1/10
Yours might, though, if you keep watching this
15 November 2016
Warning: Spoilers
Ironically, brain activity is what you feel dropping the most as you watch "The Brain That Wouldn't Die."

The plot, if anyone would dare call it that, has a doctor losing his fiancée in a car accident - well, most of her anyway. He manages to keep her severed head alive, even though, obviously, this limits her professional, family-planning, and dancing options rather harshly.

From this sound premise, things proceed logically.

Doc then searches for a female body that pleases him to transplant his fiancee's head onto. One ethical foul ball that is skimmed over way too quickly - all these bodies are still attached to live people.

As either a tribute to voyeurism or a need to pad things out, the doc spends way more time looking over numerous options than seems really necessary. He also spends more time trying to look cool smoking cigarettes than seems needed, but by then such a point seems kind of small.

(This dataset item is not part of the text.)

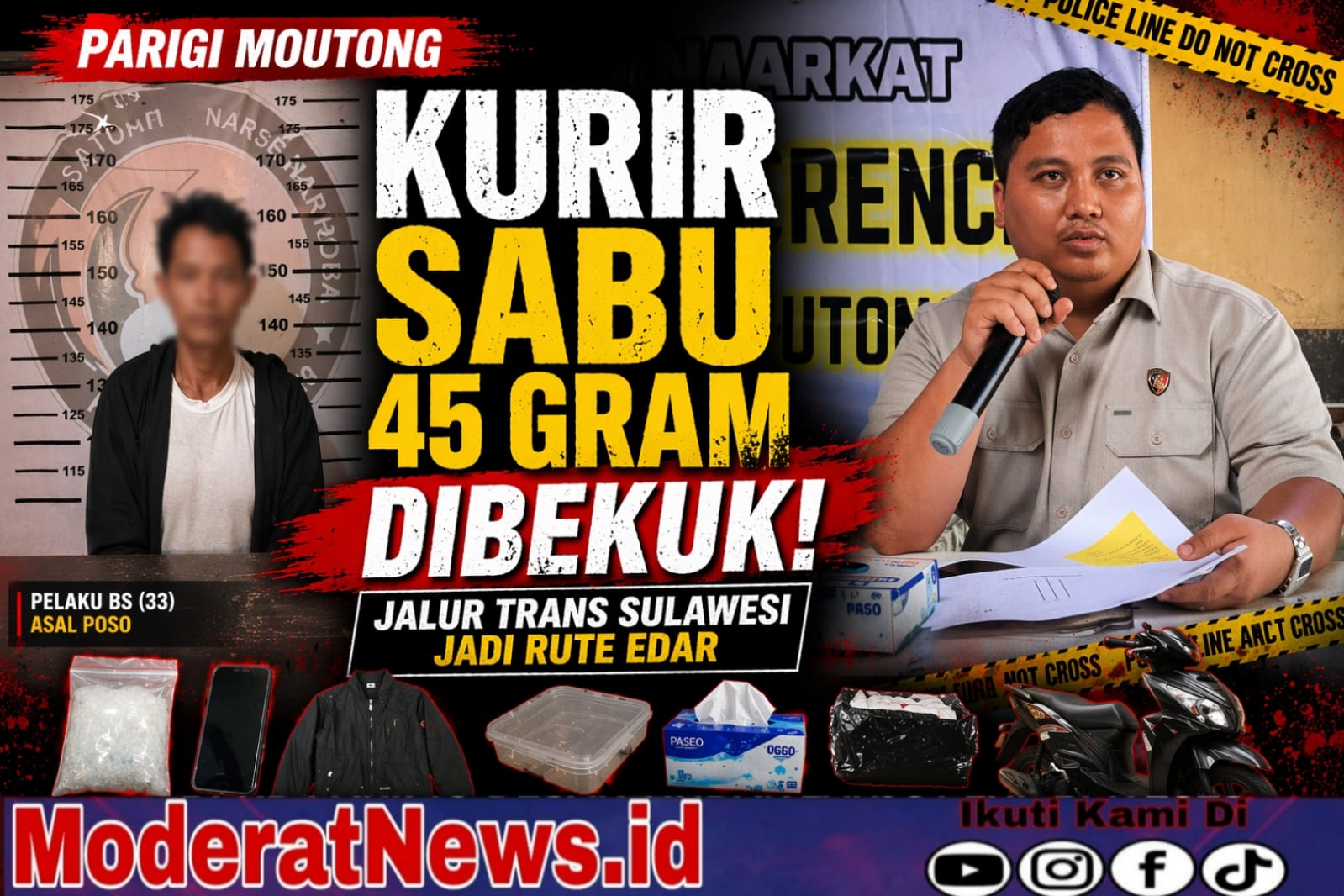 PARIGI MOUTONG, Moderatnews.id – Peredaran narkotika lintas daerah kembali terbongkar. Seorang pria asal Poso diringkus aparat saat membawa sabu seberat 45 gram di jalur Trans Sulawesi, wilayah Parigi Moutong.

After passing on several voluptuous types who saunter around slowly while smoky jazz music plays, he picks a small brunette with a huge chip on her shoulder, another in a long series of points that don't seem to make much sense.

The dialogue seems to have been written by someone very distracted. I would guess the writer owed rent, and the entire time he wrote this his landlord was banging on the door, yelling loudly.

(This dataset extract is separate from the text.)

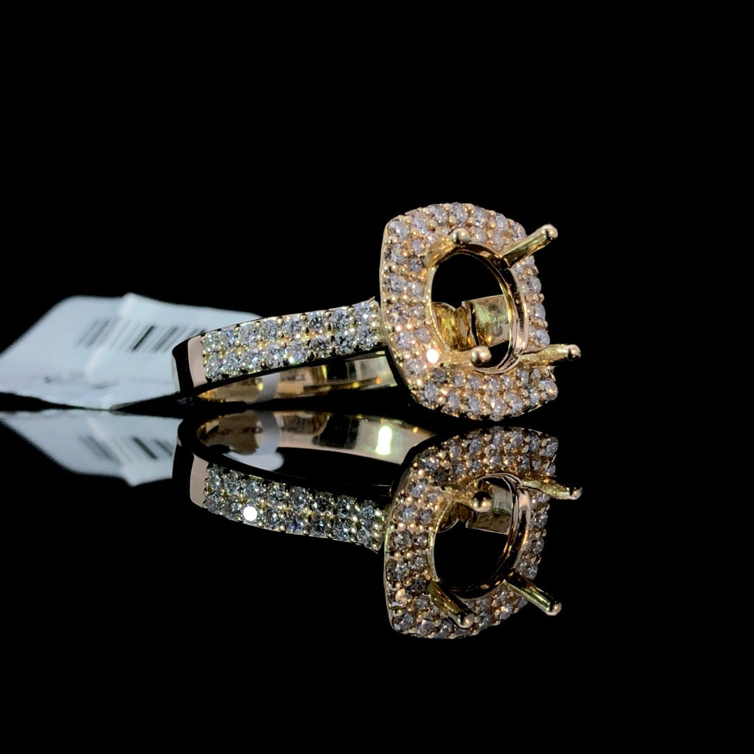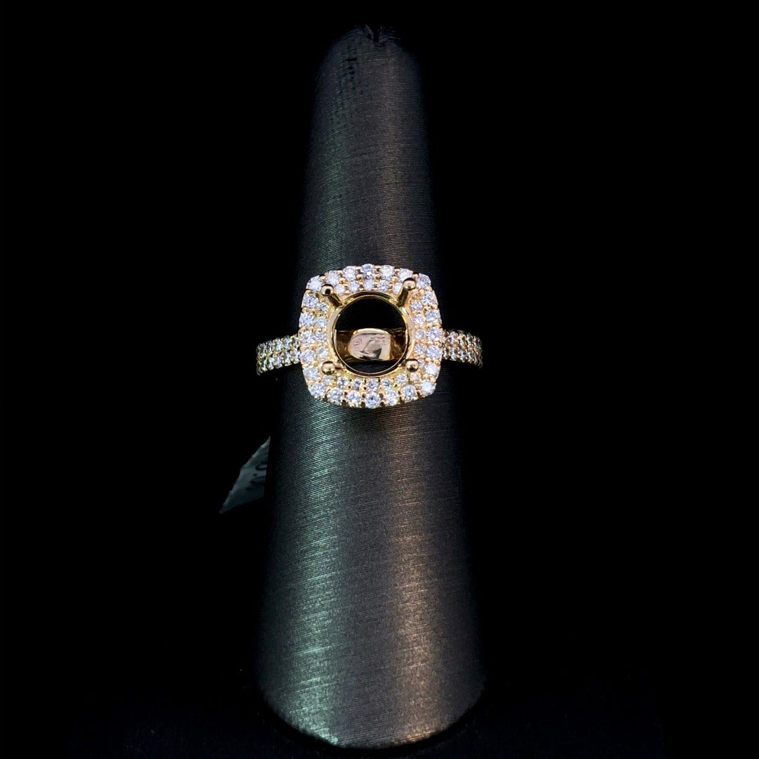 Indulge in luxury with our stunning diamond semi mount. Featuring a double halo and band, decorated with a total diamond weight of .74ctw set in 14kt yellow gold. Select your dream center stone from our vast inventory and illuminate from every angle. Make a statement with this exquisite piece. Price is for the semi mount only. Center stone will be added at an additional cost. This ring is a size 7. If that size is not a perfect fit, first time sizing is free at the time of purchase. Additional sizing fees may apply.

Almost all the acting is just as bad, so there is a special kind of synthesis there.

The fun and games of watching a low-grade turkey come to a screeching halt when a monster in the basement dismembers the doc's helper, who smears his dying blood all over the walls in what seems like a special effort to make the audience feel depressed. It succeeds. When are these mad doctors going to figure things out - you can't keep your severed-head prisoner close to the monster you keep locked up? Egged on by the woman whose wardrobe needs have been reduced to nothing but hats, the monster breaks out and kills the doc, probably mistaking him for the movie's author.